Depends on my mood. My current 'shop' ipod playlist includes 'Stand Up' by The Prodigy and 'Cascade' by Hyper and a couple songs by Parov Stelar. But I have been known to play stuff including Boston, Masters of Reality, Fatboy Slim, Alice in Chains and STP. I've even busted out the Disco on occasion (can't believe I just admitted that) and the surf-guitar stuff from the 60's (Dick Dale kicks ass!). Basically, my philosophy is: "as long as it has a beat and you can wood-work to it."


----------



## TerryDowning (Aug 8, 2012)

Usually with the machines (whatever power tool and shop vac)running and hearing protection inplace, any music is drowned out, so I don't usually listen to music in the shop.


----------



## Tennessee (Jul 8, 2011)

Got one of those construction radios, and hooked my MP3 player to it. I think it is a Bosch. The woofer can drive right through most of my machinery and fans. Especially the AC-DC and other Classic Rock I listen to.


----------



## whitebeast88 (May 27, 2012)

classic country if i can tune it in.mostly 75% of the time i don't listen any partially cause i forget to turn it on.


----------



## MT_Stringer (Jul 21, 2009)

I have a Samsung Tab hooked up to a Pyle amplifier with a couple of bookshelf speakers leftover from many years ago. Playing the tunes in a one car garage, I can overpower any and everything, 'cept the missus! :-(

So, I have thousands of mp3 songs…everything from oldies from the 50-60's , classic country, today's country, classic rock, party music, and so on.
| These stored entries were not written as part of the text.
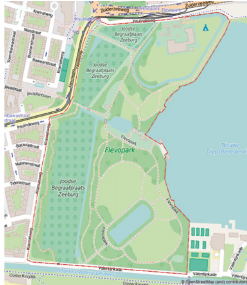
Figure 3. Location of the Flevopark. Illustration Ozan Arif Kesik. Figuur 3. Locatie van het Flevopark. Illustratie Ozan Arif Kesik.
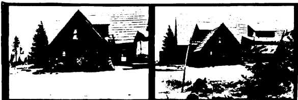
SOUTH ELEV. 8-3-84
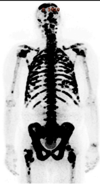
Bone scan of 60yo male with PSA of 5000 ug/L (never had PSA testing before)
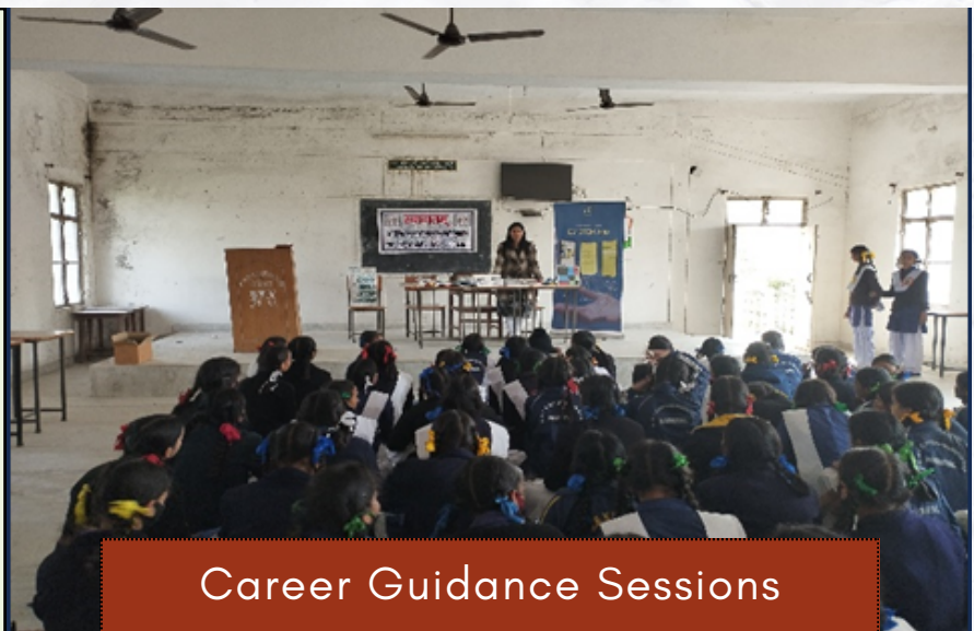
Career Guidance Sessions

These session involve talks by professionals in STEM fields, workshops on career paths, or discussions about skills needed for STEM careers, aiming to inspire and guide participants towards future opportunities.
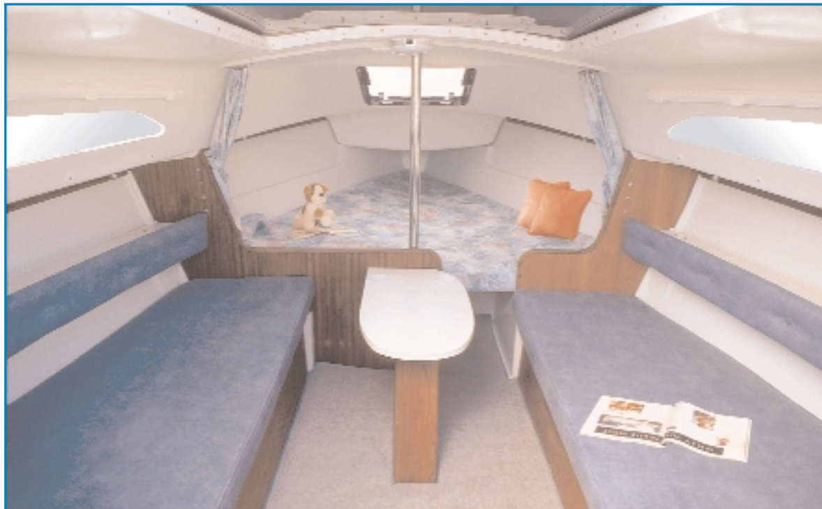
A great place for the family to spend the weekend. There are large, lined storage bins under the seats, port and starboard. The standard plexiglass overhead hatch lifts to make the largest "pop-top" ever.
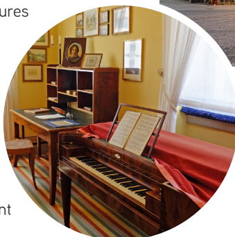
Mendelssohn House, Leipzig
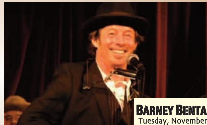
BARNEY BENTALL Tuesday, November 6 7:30 p.m. $25.00
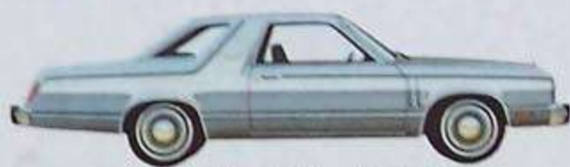
Zephyr Z-7 Sports Coupe

*Exhaust system components or parts which develop corrosion perforation caused by accidents or other damage are not covered.
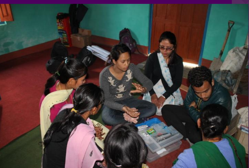
Learning to use first aid box
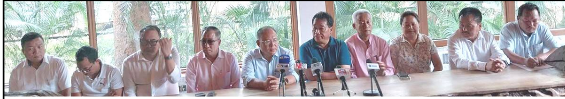
June 9, 2023 nü Niathu Resort, Chumukedima nung Manipur nungi Naga nunger MLA 10-i osangbener den jembidang agiba noksa ka angur.

Dimapur, June 9, 2023 (TYO): Manipur nung Kuki-Meitei ketdangsübaren balaka akümtsüsa kümra iba nung Naga nunger tesemtem nung mekongshitsüla ta Manipur nungi Naga MLA 10-i metetdaksü.
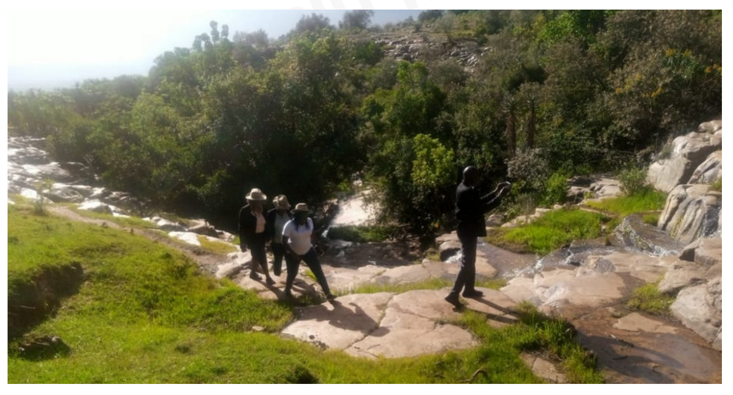
Some council members take a walk through the breaths taking river bank at Leshuta land
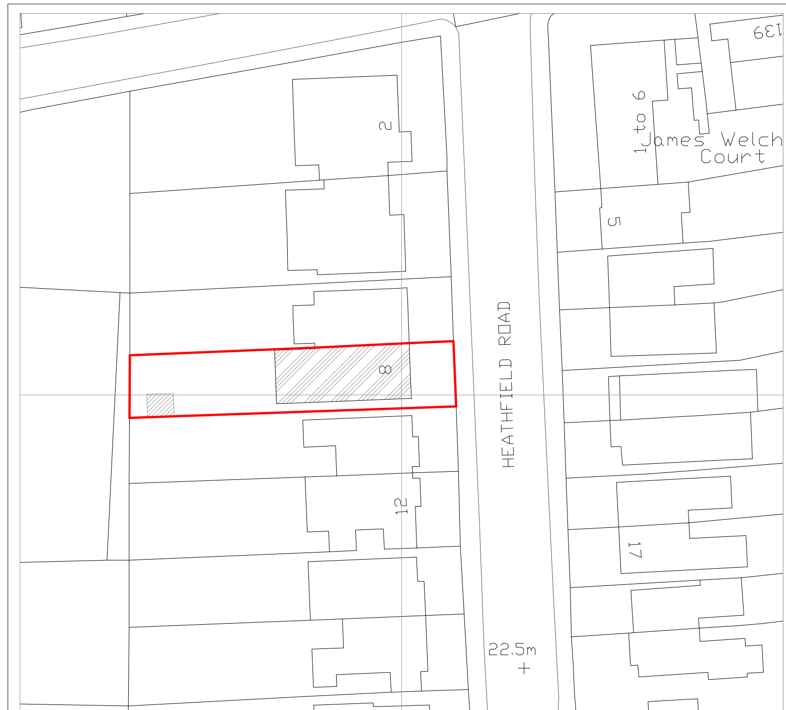
BLOCK PLAN Scale: 1:500

When I want a change, I fire up iHeart radio via our wi-fi. Lots of oldies and country stations to listen to.


----------



## MR_Cole (Jun 1, 2012)

I have 6 different speakers (random garage sale finds) and a little receiver meant for only 2 speakers powers it. Surprisingly, it sounds pretty good and gets very loud. I use my 1st ipod touch as a dedicated pandora machine.

I love andy grammar, steely dan and i'm embarrassed to admit, Murs


----------



## cutworm (Oct 2, 2010)

Bob Marley here.


----------



## knotheadswoodshed (Jun 14, 2012)

the dogs barking and the wife bitching at me….oops, did I say that out loud?

that's not really true…the dogs dont bark that much


----------



## lumberjoe (Mar 30, 2012)

as a true nerd, I have a "shop laptop" that goes through my Spotify playlist of nearly 2000 songs. It's hooked to an older sony receiver powering some infinity reference series bookshelf speakers hanging from the rafters and a polk audio sub. The receiver is in a vented plexiglass case with positive pressure to keep a lot of the dust out of it. I just have 2 PC fans with nylons over them as filters blowing through the receiver from the bottom. They are wired together and plugged into the switched outlet on the back of the receiver.

I have extremely eclectic musical tastes, but here was some of today's artists played in the shop. Also if you like music a lot, Spotify is a great deal.

Silversun Pickups
We Were Promised Jetpacks
Citizen Cope
O.A.R.
Crosby Stills and Nash 
Edward Sharpe and the Magnetic Zero
Alex Ebert
Gorilliaz
The Avett Brothers
John Butler Trio


----------



## Gatorjim (May 12, 2012)

I have a 35 year old boom box that still works good.


----------